Pour cela, ils retiennent, d'une part, que le manuel litigieux n'instaure aucune différence entre cheveux lisses, bouclés ou crépus et donc aucune différence entre l'origine des salariés et qu’il est reproché au salarié sa coiffure, ce qui est sans rapport avec la nature de ses cheveux. Ils ajoutent, d'autre part, que si le port de tresses africaines nouées en chignon est autorisé pour le personnel navigant féminin, l'existence de cette différence d'apparence, admise à une période donnée entre hommes et femmes en termes d'habillement, de coiffure, de chaussures et de maquillage, qui reprend les codes en usage, ne peut être qualifiée de discrimination.

La cour d'appel écarte également tout autre forme de discrimination ou de harcèlement estimant que la présentation du personnel navigant commercial fait partie intégrante de l'image de marque de la compagnie, que le salarié est en contact avec la clientèle d'une grande compagnie de transport aérien qui comme toutes les autres compagnies aériennes impose le port de l'uniforme et une certaine image de marque immédiatement reconnaissable, qu'en sa qualité de steward, il joue un rôle commercial dans son contact avec la clientèle et représente la compagnie et que la volonté de la compagnie de sauvegarder son image est une cause valable de limitation de la libre apparence des salariés.

La perception sociale des genres ne peut pas justifier une différence de traitement

Se fondant, notamment, sur les articles L 1132-1 et L 1133-1 du Code du travail (qui transcrivent en droit interne le principe de l'égalité des chances et de l'égalité de traitement entre hommes et femmes en matière d'emploi et de travail issu de la directive 2006/54/CE du 5 juillet 2006), la Cour de cassation rappelle que les différences de traitement en raison du sexe doivent être justifiées par la nature de la tâche à accomplir, répondre à une exigence professionnelle véritable et déterminante et être proportionnées au but recherché.
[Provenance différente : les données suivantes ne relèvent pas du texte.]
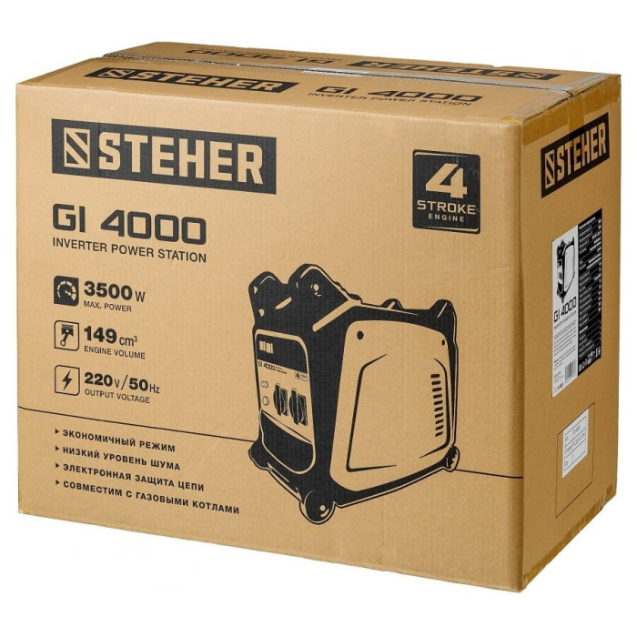 Бензиновый инверторный электрогенератор STEHER GI - 4000, предназначен для электроснабжения торговых объектов, для работ на стройке или в качестве резервного электроснабжения летнего дома. За счет бака 5,7 л может непрерывно работать в течение четырех часов. Шумозащитный корпус значительно снижает шум двигателя. Идеальное качество вырабатываемого тока позволяет использовать станцию для питания любых электронных устройств без стабилизатора. Дополнительный выход на 12В дает возможность подзарядки аккумуляторов. Совместим с газовыми котлами. Специальный экономичный режим. Компактность и небольшой вес расширяют возможности его применения. Защита при низком уровне масла. Четырехтактный двигатель с раздельными системами питания и смазки. Встроенная электронная защита цепей принудительно отключает станцию в случае короткого замыкания или превышения допустимой нагрузки. Низкий уровень шума благодаря закрытому корпусу и шумоизолирующим панелям. Кабель с клеммами для зарядки батарей в комплекте.

Elles doivent ainsi renvoyer à une exigence objectivement dictée par la nature ou les conditions d'exercice de l'activité professionnelle en cause. 

La Cour en déduit que l'interdiction faite à l'intéressé de porter une coiffure, pourtant autorisée par le même référentiel pour le personnel féminin, caractérise une discrimination directement fondée sur l'apparence physique en lien avec le sexe

Elle estime ainsi que la cour d'appel ne pouvait pas invoquer des arguments relatifs au port de l'uniforme, inopérants pour justifier que les restrictions imposées au personnel masculin relatives à la coiffure étaient nécessaires pour permettre l'identification du personnel de la société Air France et préserver l'image de celle-ci.

Les juges du fond ne pouvaient pas non plus se fonder sur la perception sociale de l'apparence physique des genres masculin et féminin, laquelle ne peut constituer une exigence professionnelle véritable et déterminante justifiant une différence de traitement relative à la coiffure entre les femmes et les hommes, au sens de l'article 14, § 2, de la directive 2006/54/CE du 5 juillet 2006.

A noter :

Dans un précédent, la chambre sociale de la Cour de cassation avait reconnu la discrimination directe fondée sur l'apparence physique rapportée au sexe dans le fait d'interdire à un chef de rang d'un restaurant de porter des boucles d'oreilles parce qu'il est un homme (Cass. soc. 11-1-2012 n° 10-28.213 FS-PB).